** Exercise **
Reproduce the entries word for word but drop every picture.

==========

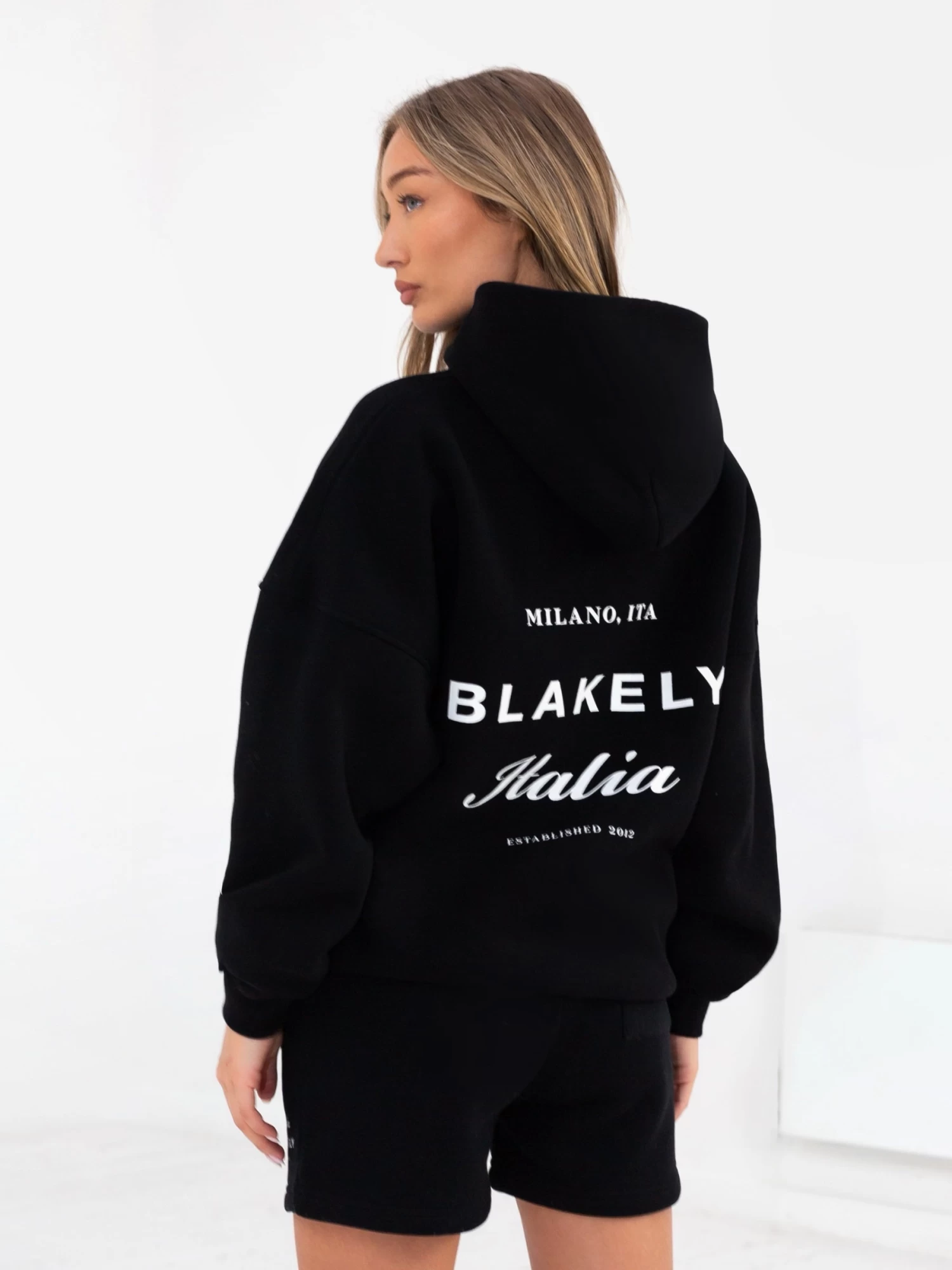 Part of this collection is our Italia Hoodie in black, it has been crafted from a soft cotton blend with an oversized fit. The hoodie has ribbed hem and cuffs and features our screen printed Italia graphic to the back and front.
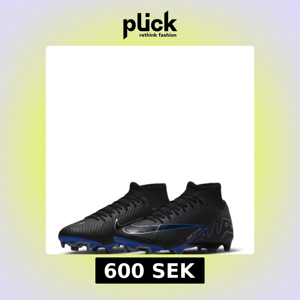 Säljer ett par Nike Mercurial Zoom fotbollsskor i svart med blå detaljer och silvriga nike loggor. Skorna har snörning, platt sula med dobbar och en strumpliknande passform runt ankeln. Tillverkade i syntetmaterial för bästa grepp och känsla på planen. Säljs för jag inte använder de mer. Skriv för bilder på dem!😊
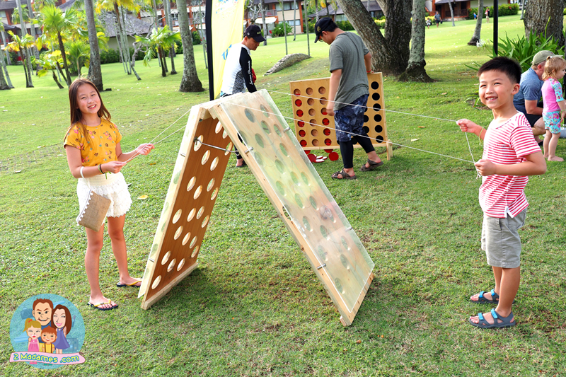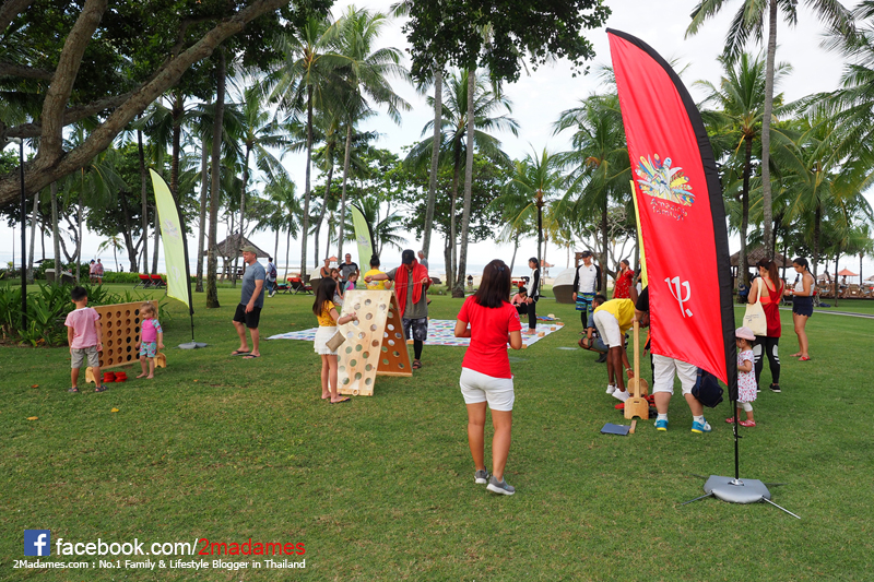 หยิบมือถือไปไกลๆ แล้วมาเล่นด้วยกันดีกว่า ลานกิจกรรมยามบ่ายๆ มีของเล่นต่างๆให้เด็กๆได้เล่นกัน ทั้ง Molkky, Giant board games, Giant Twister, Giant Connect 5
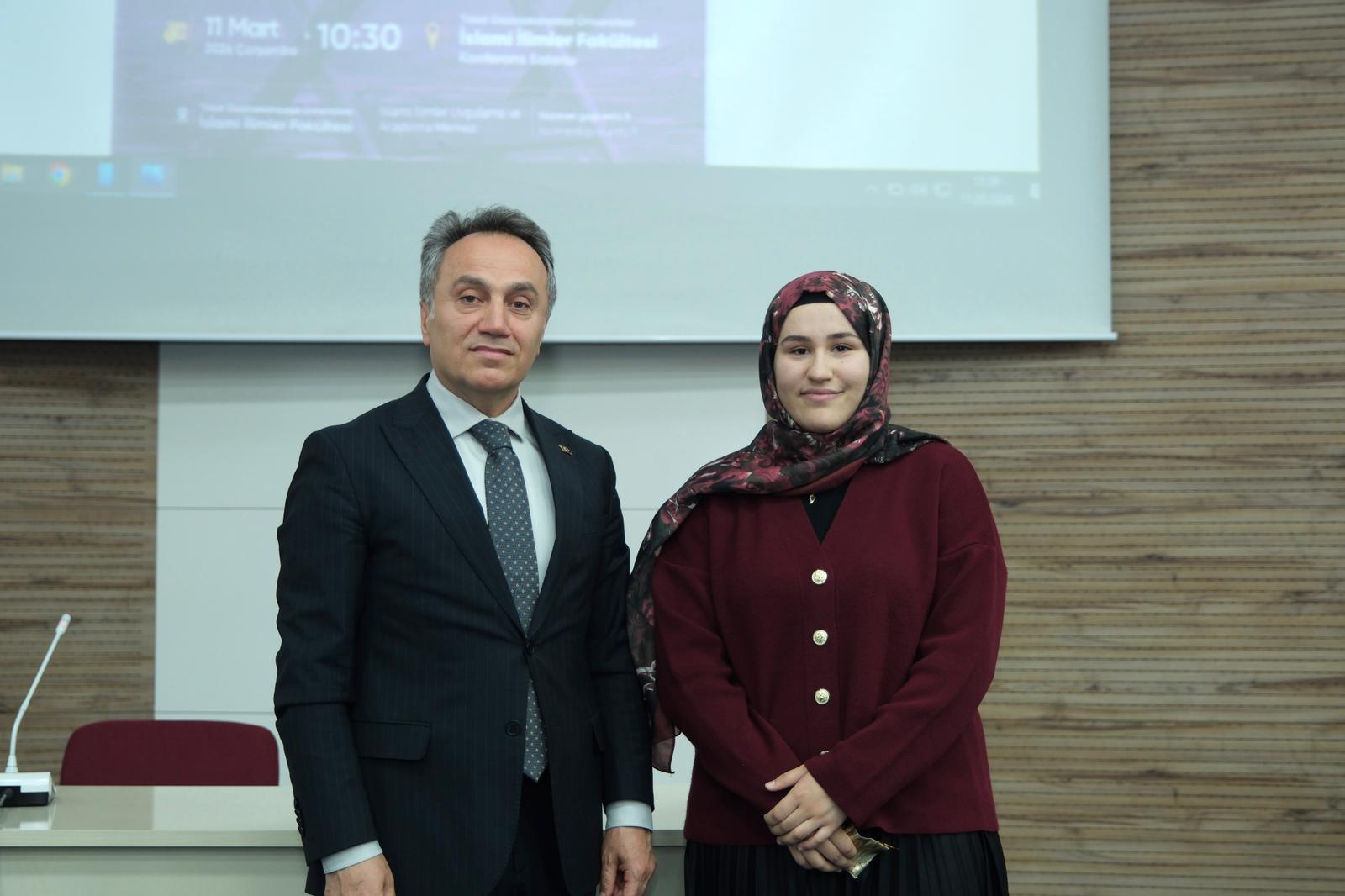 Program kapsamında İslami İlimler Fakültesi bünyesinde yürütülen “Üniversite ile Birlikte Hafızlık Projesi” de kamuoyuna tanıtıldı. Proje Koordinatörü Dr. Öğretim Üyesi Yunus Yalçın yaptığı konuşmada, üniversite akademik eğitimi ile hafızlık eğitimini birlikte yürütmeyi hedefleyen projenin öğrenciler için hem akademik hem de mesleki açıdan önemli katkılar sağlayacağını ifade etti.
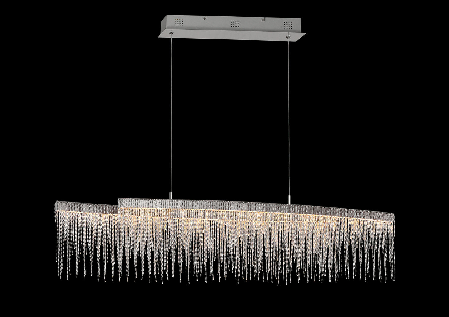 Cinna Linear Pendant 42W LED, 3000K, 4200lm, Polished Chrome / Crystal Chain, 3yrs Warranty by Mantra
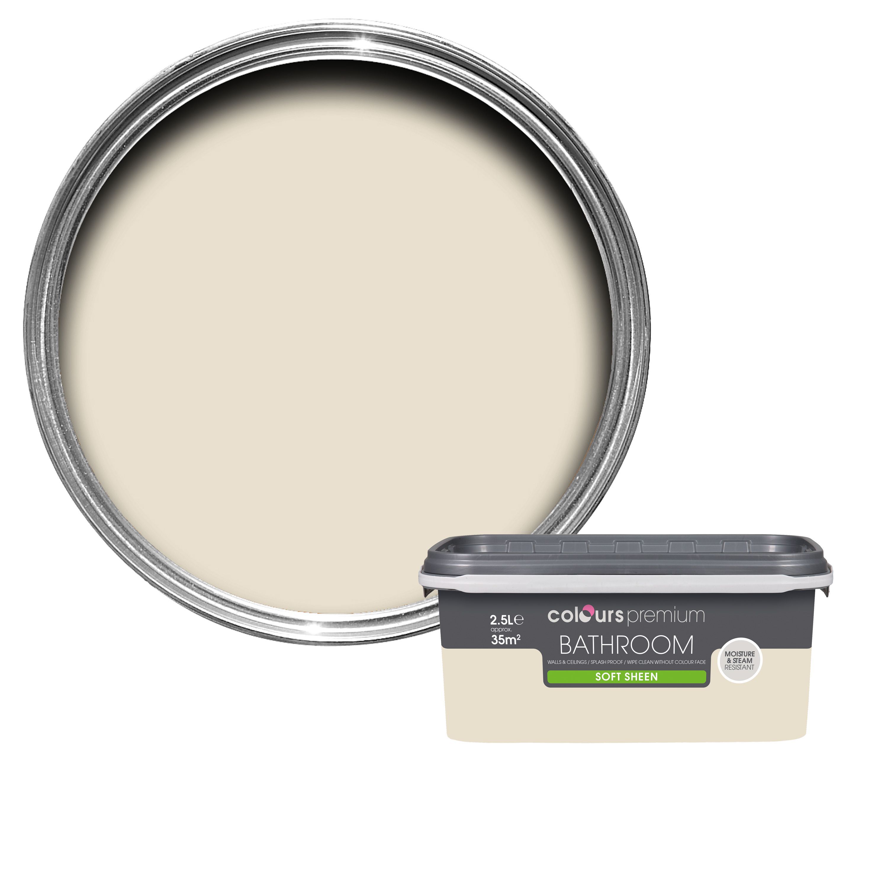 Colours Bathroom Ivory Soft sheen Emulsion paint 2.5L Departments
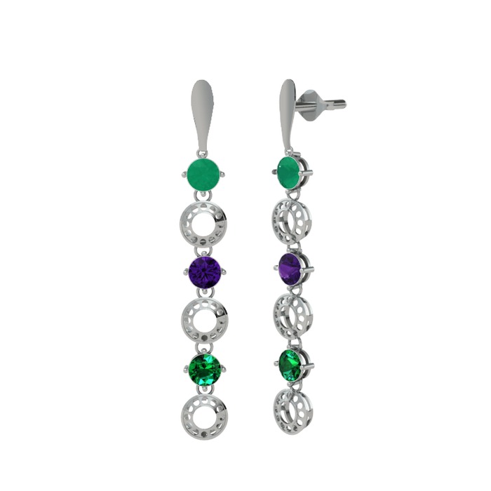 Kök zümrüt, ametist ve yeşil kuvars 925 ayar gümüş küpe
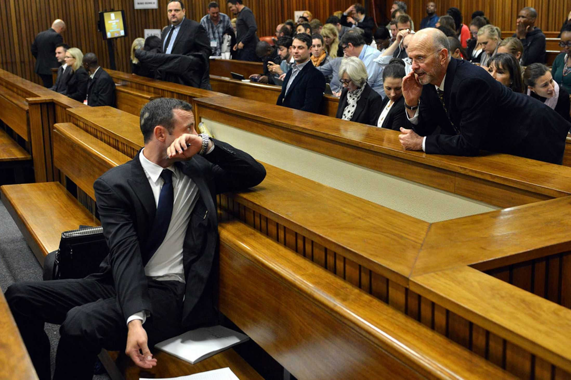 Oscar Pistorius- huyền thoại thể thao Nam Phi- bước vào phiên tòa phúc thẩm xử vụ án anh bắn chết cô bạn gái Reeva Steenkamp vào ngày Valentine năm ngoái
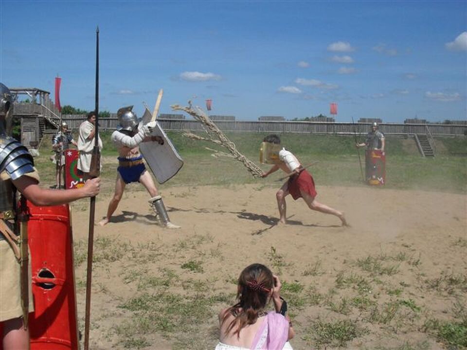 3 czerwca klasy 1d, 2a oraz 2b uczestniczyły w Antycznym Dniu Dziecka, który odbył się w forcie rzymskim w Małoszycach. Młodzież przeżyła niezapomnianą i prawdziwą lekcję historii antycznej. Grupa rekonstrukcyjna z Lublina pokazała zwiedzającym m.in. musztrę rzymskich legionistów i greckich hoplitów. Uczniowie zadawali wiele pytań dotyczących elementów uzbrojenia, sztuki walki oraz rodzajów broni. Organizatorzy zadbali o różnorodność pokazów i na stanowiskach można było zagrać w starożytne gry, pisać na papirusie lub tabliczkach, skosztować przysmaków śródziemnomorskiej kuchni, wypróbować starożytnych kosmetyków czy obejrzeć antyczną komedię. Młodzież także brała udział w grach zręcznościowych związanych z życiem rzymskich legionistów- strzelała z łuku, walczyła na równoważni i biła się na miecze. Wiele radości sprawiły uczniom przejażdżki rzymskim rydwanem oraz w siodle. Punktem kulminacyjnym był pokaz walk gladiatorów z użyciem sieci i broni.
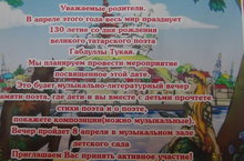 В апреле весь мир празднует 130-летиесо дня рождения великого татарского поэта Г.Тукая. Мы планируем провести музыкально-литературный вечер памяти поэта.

==========

** Answer space **
 Part of this collection is our Italia Hoodie in black, it has been crafted from a soft cotton blend with an oversized fit. The hoodie has ribbed hem and cuffs and features our screen printed Italia graphic to the back and front.
 Säljer ett par Nike Mercurial Zoom fotbollsskor i svart med blå detaljer och silvriga nike loggor. Skorna har snörning, platt sula med dobbar och en strumpliknande passform runt ankeln. Tillverkade i syntetmaterial för bästa grepp och känsla på planen. Säljs för jag inte använder de mer. Skriv för bilder på dem!😊
 หยิบมือถือไปไกลๆ แล้วมาเล่นด้วยกันดีกว่า ลานกิจกรรมยามบ่ายๆ มีของเล่นต่างๆให้เด็กๆได้เล่นกัน ทั้ง Molkky, Giant board games, Giant Twister, Giant Connect 5
 Program kapsamında İslami İlimler Fakültesi bünyesinde yürütülen “Üniversite ile Birlikte Hafızlık Projesi” de kamuoyuna tanıtıldı. Proje Koordinatörü Dr. Öğretim Üyesi Yunus Yalçın yaptığı konuşmada, üniversite akademik eğitimi ile hafızlık eğitimini birlikte yürütmeyi hedefleyen projenin öğrenciler için hem akademik hem de mesleki açıdan önemli katkılar sağlayacağını ifade etti.
 Cinna Linear Pendant 42W LED, 3000K, 4200lm, Polished Chrome / Crystal Chain, 3yrs Warranty by Mantra
 Colours Bathroom Ivory Soft sheen Emulsion paint 2.5L Departments
 Kök zümrüt, ametist ve yeşil kuvars 925 ayar gümüş küpe
 Oscar Pistorius- huyền thoại thể thao Nam Phi- bước vào phiên tòa phúc thẩm xử vụ án anh bắn chết cô bạn gái Reeva Steenkamp vào ngày Valentine năm ngoái
 3 czerwca klasy 1d, 2a oraz 2b uczestniczyły w Antycznym Dniu Dziecka, który odbył się w forcie rzymskim w Małoszycach. Młodzież przeżyła niezapomnianą i prawdziwą lekcję historii antycznej. Grupa rekonstrukcyjna z Lublina pokazała zwiedzającym m.in. musztrę rzymskich legionistów i greckich hoplitów. Uczniowie zadawali wiele pytań dotyczących elementów uzbrojenia, sztuki walki oraz rodzajów broni. Organizatorzy zadbali o różnorodność pokazów i na stanowiskach można było zagrać w starożytne gry, pisać na papirusie lub tabliczkach, skosztować przysmaków śródziemnomorskiej kuchni, wypróbować starożytnych kosmetyków czy obejrzeć antyczną komedię. Młodzież także brała udział w grach zręcznościowych związanych z życiem rzymskich legionistów- strzelała z łuku, walczyła na równoważni i biła się na miecze. Wiele radości sprawiły uczniom przejażdżki rzymskim rydwanem oraz w siodle. Punktem kulminacyjnym był pokaz walk gladiatorów z użyciem sieci i broni.
 В апреле весь мир празднует 130-летиесо дня рождения великого татарского поэта Г.Тукая. Мы планируем провести музыкально-литературный вечер памяти поэта.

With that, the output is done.